Quantum computing and secure quantum communications
are potentially disruptive “industries of the future,” promising computers 100
million times faster than current technology and communications guaranteed to
be secure. To accelerate the development of these technologies, the National Science
Foundation (NSF) funded a cohort of “quantum foundries” with the aim of
developing the materials and workforce needed to drive this burgeoning industry.
The White
House Office of Science & Technology Policy has announced that a team
of South Dakota Mines researchers in the Department of
Nanoscience and Nanoengineering are joining the “MonArk Quantum Foundry.” The NSF-funded
center is focused on development of quantum materials and co-managed by the
University of Arkansas and Montana State University. The Mines researchers
bring expertise in nonlinear optics and nanophotonics, the science of light
matter interactions on extremely small length scales and ultrafast timescales.
“This exciting
collaboration is one example of many that highlight Mines’ leading role in
high-tech research and education in South Dakota,” says President Jim Rankin. The
cutting-edge work done in this collaboration will fill our ongoing need for
high-tech workers and continue to spin off new businesses right here in the
state.”
Robert Anderson, assistant professor of nanoscience and
nanoengineering at Mines, will lead the university’s effort. “We are excited to
apply the novel imaging methods developed at Mines to the nanomaterials
developed by the MonArk Quantum Foundry,” says Anderson. “Some of the most
promising quantum computing and communications technologies are based on controlling
the light-matter interaction with nanomaterials, so there’s a natural synergy
with our expertise and capabilities.”
Nonlinear Optics
Ultrafast lasers in the Nanophotonics Laboratory at
Mines produce short, intense bursts of light, with instantaneous powers in the megawatt
range (enough power to run 3,000 homes) but lasting only a millionth of a
billionth of a second (a femtosecond). So much energy focused to a small region
of space and for such a short period of time causes materials to exhibit a
nonlinear response; a startling example is when red light transforms to blue
light instantaneously, called “frequency doubling.” This and other nonlinear
effects in nanomaterials are the primary investigations to be explored during
the project.
One of the key steps in quantum computing and
quantum communications is generating and detecting single photons. Nanomaterials
and devices with properties optimized for this are needed. One fast and
efficient way of characterizing these materials is with ultrafast lasers and
microscopes, which can deliver short pulses of photons to a material or device
precisely where and when they are needed. Examining the nonlinear properties of
nanomaterials with ultrafast lasers is a well-established capability in the Nanophotonics
Lab at Mines, and this will be the main focus of the team’s effort.

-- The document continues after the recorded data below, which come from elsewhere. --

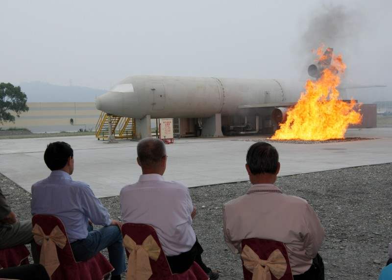 總統等一行人,最後特別參觀航空器火災搶救訓練場。現場設有模擬737機體及火災搶救訓練設施,消防訓練中心先後安排尾翼引擎、機翼引擎及起落架滅火演練,並特別向規劃這項演練的國外技師致意。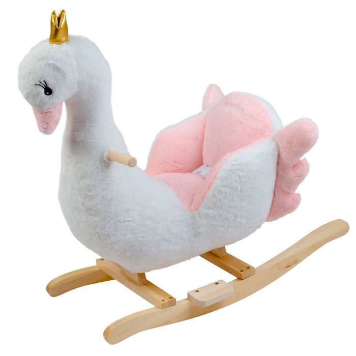 ¡Bienvenida al mágico mundo del Peluche Mecedor +12 meses Cisne Blanco de Carestino! Este encantador compañero de aventuras ha sido diseñado especialmente para brindar a tu bebé una experiencia de juego segura, afectiva y estimulante. Su estructura robusta de madera asegura estabilidad, permitiendo que tu pequeño disfrute de momentos de balanceo con total confianza.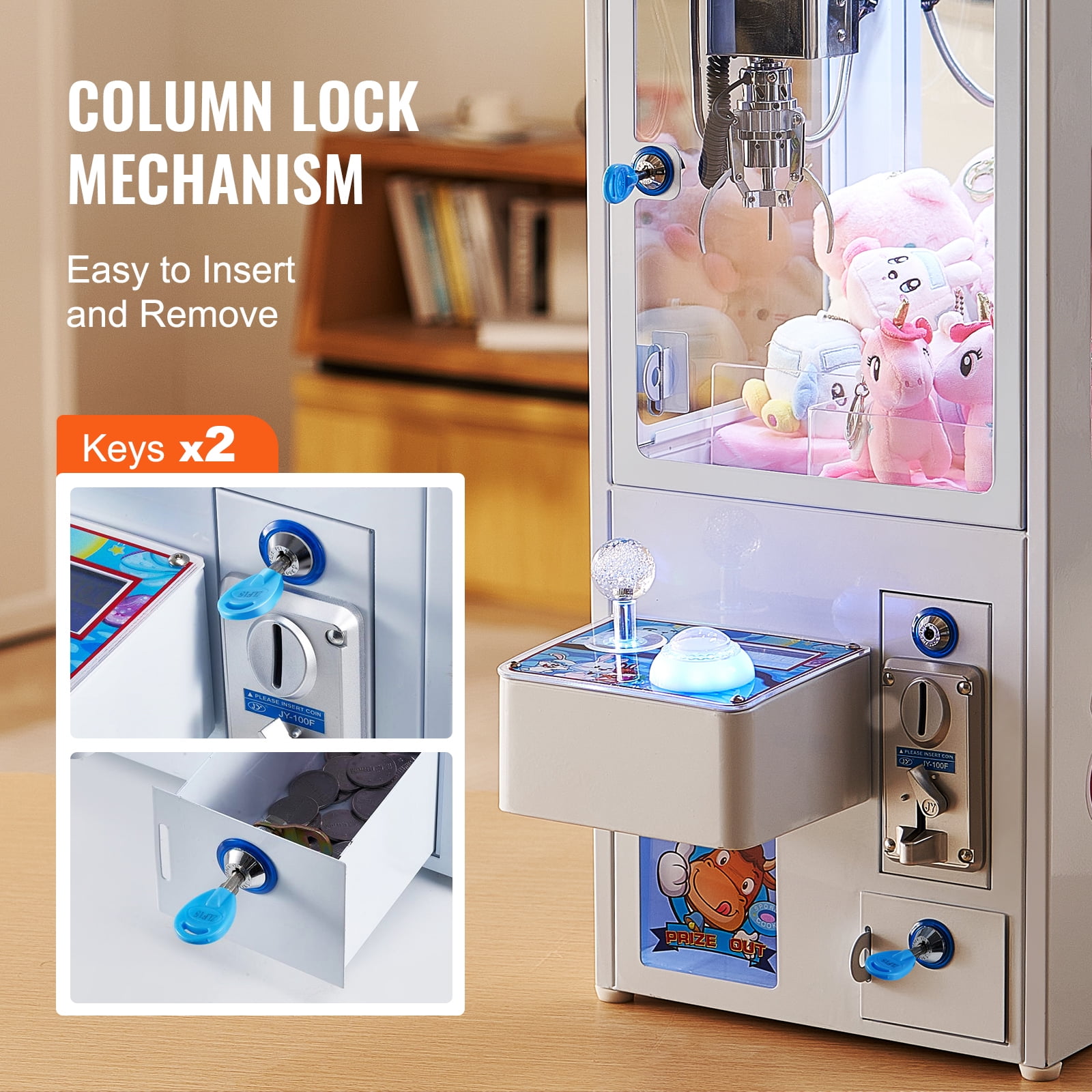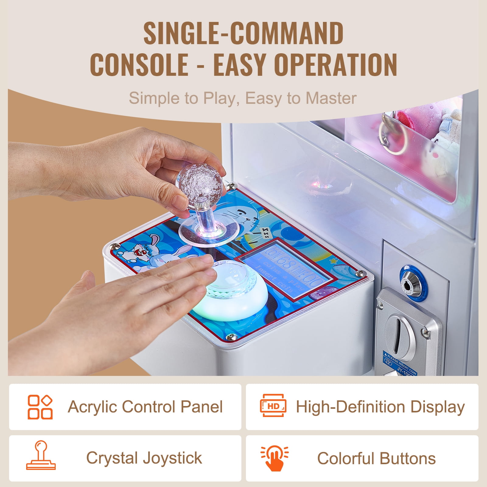 PREMIUM QUALITY MATERIAL: Anti-rust powder-coated iron case and transparent glass window give you more stable and more clear vision, cultivating fine motor skills. ADJUSTABLE COIN COLLECTOR: Ease to operate intelligent coin device, adjusting different money insert mode you like, providing several tokens and key. You can set 1 coin for 1 play or 2 coins for 1 play, etc. Default: 1 coin for 1 play. COMFORT AND SAFE: Wear-resistant and 7-colors-flashing control bar with stable performance, arbitrary rotation allowed, delicate and comfortable hand feeling with high safety. You can set data remain mode in case of sudden electricity outage. STAINLESS STEEL CLAW: Shake-proof steel claw can move quickly with premium quality, no need to install, conducting self-adjustable grabbing power. WIDE APPLICATION: Suit for arcade game center, hotel, home, holiday celebrations, KTV, etc. Playing game settable within 30 seconds. 6 kinds of prize-winning-chances mode to select, giving you endless fun. Note: 1. Please cut off the Cable Tie that strapping the claw before starting up the machine!!! 2. For more functions, please check our user manual. This machine doesn’t accept paper money.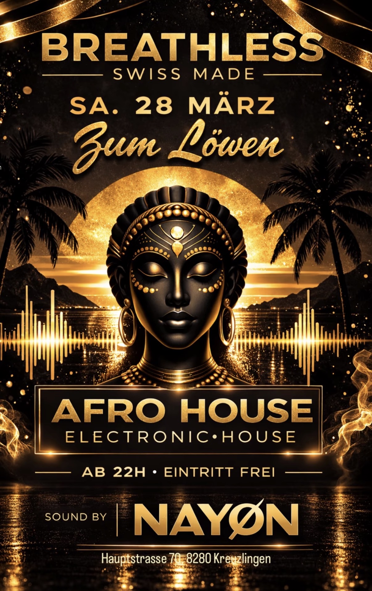 Zum Löwen Kreuzlingen Hauptstrasse 70,KreuzlingenKreuzlingen - seid ihr bereit? Am Freitag, 8. November bringt Mattey Webber, pure Afro House, Latino House & Deep House Energy und mehr ins Zum Löwen Kreuzlingen! Lasst uns tanzen, coole Drinks genießen, fühlen und die Nacht gemeinsam feiern! Zum Löwen Kreuzlingen Ab 22:00 Uhr Ab 18+ #Kreuzlingen #ZumLöwen #AfroHouse #LatinoHouse #DeepHouse #DJMatteyWebber #ThurgauEvents #KonstanzNightlife… Weiterlesen »Breathless – Zum Löwen Kreuzlingen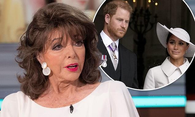 Shady: Dame Joan Collins has commented on the Duke and Duchess of Sussex ahead of their first appearance in the UK since the Platinum Jubilee, asking if we need to give them ‘oxygen’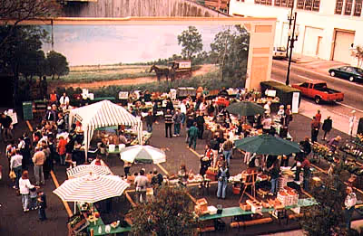 A gentle farmers' market made distinctive by its location: the walls of the parking lot are covered in beautiful full-scale murals of rural farming scenes.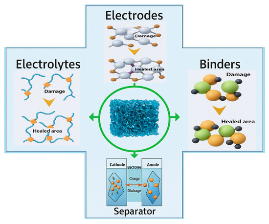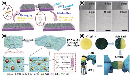 Recent research has demonstrated the versatility of hydrogels in various roles across energy devices. In batteries, hydrogels have been employed as solid-state electrolytes, separators, and electrode binders, offering improved ion transport, enhanced interfacial contact, and mechanical adaptability [19,20]. Moreover, hydrogels have being explored as electrolyte matrices for energy storage materials [21,22]. The development of multifunctional hydrogels—engineered to exhibit properties such as self-healing [23], stretchability [24], thermo responsiveness [25], and shape memory [26]—has further expanded their applicability. These advanced hydrogels can adapt to mechanical deformation, recover from damage, and respond to environmental stimuli, thereby enhancing the durability and reliability of energy devices [27,28]. For instance, self-healing hydrogels can autonomously repair microcracks in electrodes or electrolytes, extending device lifespan [29,30], while stretchable hydrogels enable the fabrication of flexible and wearable energy systems, aligning with the growing demand for portable and body-integrated electronics [31].

Quantum Communications Industry
Supporting the MonArk-South Dakota collaboration is
Mines industry collaborator Qubitekk, a quantum
communications company based in San Diego County, Calif. The company markets
secure quantum encrypted communications networks, capable of transmitting information
guaranteed to be secure based on the principles of quantum cryptography. Joining
the MonArk Quantum Foundry will facilitate collaboration with Qubitekk by
examining relevant technologies and training students for future careers in
quantum computing and communications.
Quantum Workforce
Besides the research opportunities supported by this
project, which will engage graduate and undergraduate researchers, Mines nanoscience
and nanoengineering faculty provide courses training students in photonics, the
science of generating, measuring, and controlling “photons," the smallest unit
of light energy. “The optics and photonics industries are growing industries,”
says Anderson. “This new collaboration focusing on nanophotonics and
nanomaterials adds relevance and expanded opportunities in an emerging quantum
workforce.”